评分: 5置信度: 32024-11-04

This paper proposes a method called Multi-armed router (MAR) to solve the problem of choosing a correct LLM for a specific query. The authors show that this method dynamically converges to the optimal routing strategy while saving cost at the same time. Since during training responses from different LLMs for the same query are collected and graded using LLM-as-a-judge, they also provide the dataset consisting of around 4k queries and responses from 7 LLMs and their corresponding score.

优点

proposes a novel method that incorporates multi-armed bandit theory for training a router for different queries for LLM evaluation and shows that it is empirically effective

缺点

In Figure 3, there is not axis label.
see questions

问题

some of the post-processing choices are not justified, e.g. why is the score of GPT4 adjusted by -0.06? If the criteria is made according to some target distribution of the scores, please explain.
It is not clear to me why is updating the parameter \Delta related to exploration versus exploitation since in Algorithm 1 for each query responses from all K models are evaluated by the router.
Since using LLM as a judge is not necessarily consistent depending on the task.

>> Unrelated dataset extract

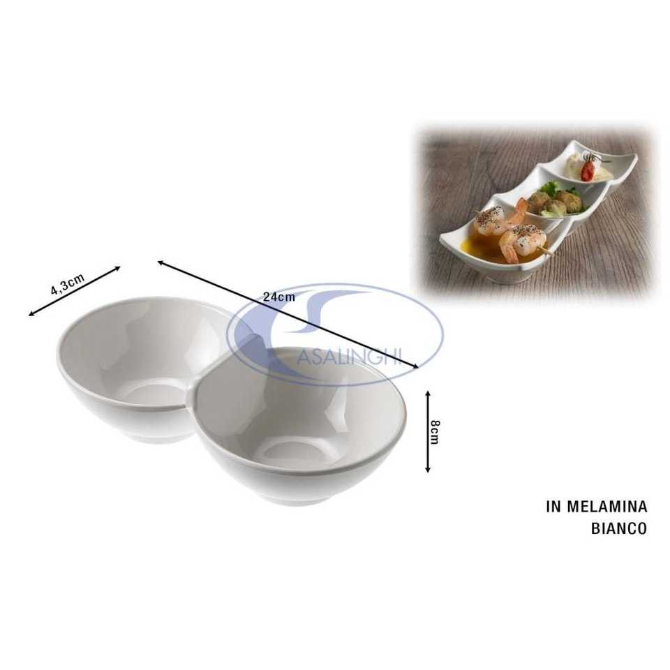 Tazón Doble de Melamina Blanca CM.24X8X4,3h - Vajilla y Decoración para Fiestas, Aperitivos y Más

Have you looked at the statistics of the ratings from the judge LLM and made sure they are normalized and not suffered from positional bias etc.
The algorithm is presented poorly. In Line 10, if the output from an LLM is evaluated by another LLM, why is it that in the reward r= g(s,c), s is a function of the embedding of the query, but not the query itself? How is the embedding here uses?

撤稿通知

2025-01-15

I have read and agree with the venue's withdrawal policy on behalf of myself and my co-authors.